Year 1 - Fall
Students are introduced to the faculty and their interests, the field of statistics, and the facilities at Carnegie Mellon. Each faculty member gives at least one elementary lecture on some topic of his or her choice. In the past, topics have included: the field of statistics and its history, large-scale sample surveys, survival analysis, subjective probability, time series, robustness, multivariate analysis, psychiatric statistics, experimental design, consulting, decision-making, probability models, statistics and the law, and comparative inference. Students are also given information about the libraries at Carnegie Mellon and current bibliographic tools. In addition, students are instructed in the use of the Departmental and University computational facilities and available statistical program packages.
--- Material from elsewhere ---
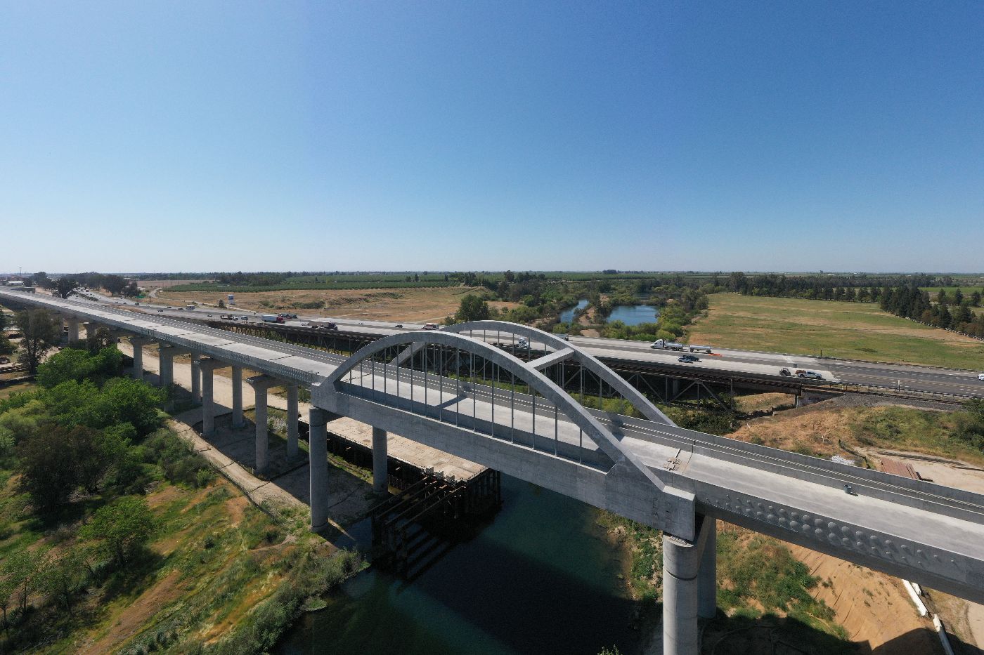 The San Joaquin River Viaduct and Pergola structure spans approximately 4,741-feet long collectively, with the top of the viaduct spanning 43-feet wide. The 210-foot arch span over the San Joaquin River is supported by 20 pre-cast floor beams. Technically, the cast-in-place arches act as suspension bridge support for the bridge deck.

This course covers the basics of statistics. We will first provide a quick introduction to probability theory, and then cover fundamental topics in mathematical statistics such as point estimation, hypothesis testing, asymptotic theory, and Bayesian inference. If time permits, we will also cover more advanced and useful topics including nonparametric inference, regression and classification. Prerequisites: one- and two-variable calculus and matrix algebra.
This course covers the fundamentals of theoretical statistics. Topics include: probability inequalities, point and interval estimation, minimax theory, hypothesis testing, data reduction, convergence concepts, Bayesian inference, nonparametric statistics, bootstrap resampling, VC dimension, prediction and model selection.
This course covers the basic principles of causality. Foundations of linear regression, including theory, computation, diagnostics, and generalized linear models. Extensions to nonparametric regression, including splines, kernel regression, and generalized additive models. Discussion of tools to compare statistical models, including hypothesis tests, cross-validation, and bootstrapping. Topics in nonparametric regression and machine learning as time permits, such as regression trees, boosting, and random forests. Emphasis on writing data analysis reports that answer substantive scientific methods with appropriate statistical tools. Students will be equipped with the tools needed to explore a substantive scientific question with data, translate scientific questions into statistical questions, compare different modeling approaches rigorously, and write their results in a clear manner.
A detailed introduction to elements of computing relating to statistical modeling, targeted to PhD students and masters students in Statistics & Data Science. Topics include important data structures and algorithms; numerical methods; databases; parallelism and concurrency; and coding practices, program design, and testing. Multiple programming languages will be supported (e.g., C, R, Python, etc.). Those with no previous programming experience are welcome but will be required to learn the basics of at least one language via self-study.